** Opening AVAILABLE RECORDS block **
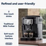 - SIMPLE TOUCH OPERATION: Automatic Coffee Machine Espresso and Cappuccino with Bean-to-cup quality and a soft touch control panel; brew two cups simultaneously with this De’Longhi machine
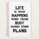 "A vida é o que acontece quando você está ocupado Fazer outros planos" citação motivacional engraçada. Um lembrete potente de que podemos criar todo o tipo de objetivos e ambições para o futuro, mas, quando temos uma orientação forte para o futuro, podemos esquecer de viver plenamente entretanto.
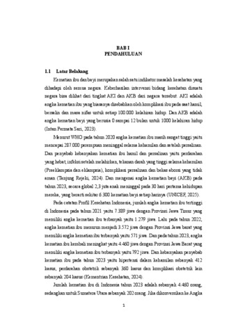 Kematian ibu dan bayi merupakan salah satu indikator masalah kesehatan yang dihadapi oleh semua negara. Keberhasilan intervensi bidang kesehatan disuatu negara bisa dilihat dari tingkat AKI dan AKB dari negara tersebut. Dan penyebab kebanyakan kematian ibu hamil dan persalinan yaitu perdarahan yang hebat, infeksi setelah melahirkan, tekanan darah yang tinggi selama kehamilan, Preeklampsia dan Eklampsia, komplikasi persalinan dan bekas aborsi yang tidak aman.
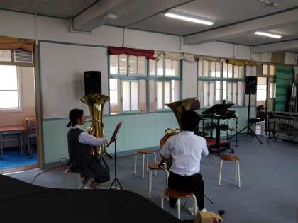 吹奏楽部が練習に励んでいます。校内にきれいな音色が響いております。
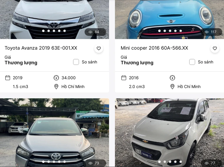 Một số ô tô được ngân hàng VIB rao thanh lý với giá thương lượng. (Ảnh cắt từ website ngân hàng VIB)
** Closing AVAILABLE RECORDS block **
- [INSTRUCTIONS FOR THE TASK]:
With the pictures omitted, restate word for word the lines above from the line that has "viver plenamente entretanto." up to and including the line that has "吹奏楽部が練習に励んでいます。校内にきれいな音色が響いております。", and no other lines.

- [ANSWER TO THIS EXERCISE]:
 "A vida é o que acontece quando você está ocupado Fazer outros planos" citação motivacional engraçada. Um lembrete potente de que podemos criar todo o tipo de objetivos e ambições para o futuro, mas, quando temos uma orientação forte para o futuro, podemos esquecer de viver plenamente entretanto.
 Kematian ibu dan bayi merupakan salah satu indikator masalah kesehatan yang dihadapi oleh semua negara. Keberhasilan intervensi bidang kesehatan disuatu negara bisa dilihat dari tingkat AKI dan AKB dari negara tersebut. Dan penyebab kebanyakan kematian ibu hamil dan persalinan yaitu perdarahan yang hebat, infeksi setelah melahirkan, tekanan darah yang tinggi selama kehamilan, Preeklampsia dan Eklampsia, komplikasi persalinan dan bekas aborsi yang tidak aman.
 吹奏楽部が練習に励んでいます。校内にきれいな音色が響いております。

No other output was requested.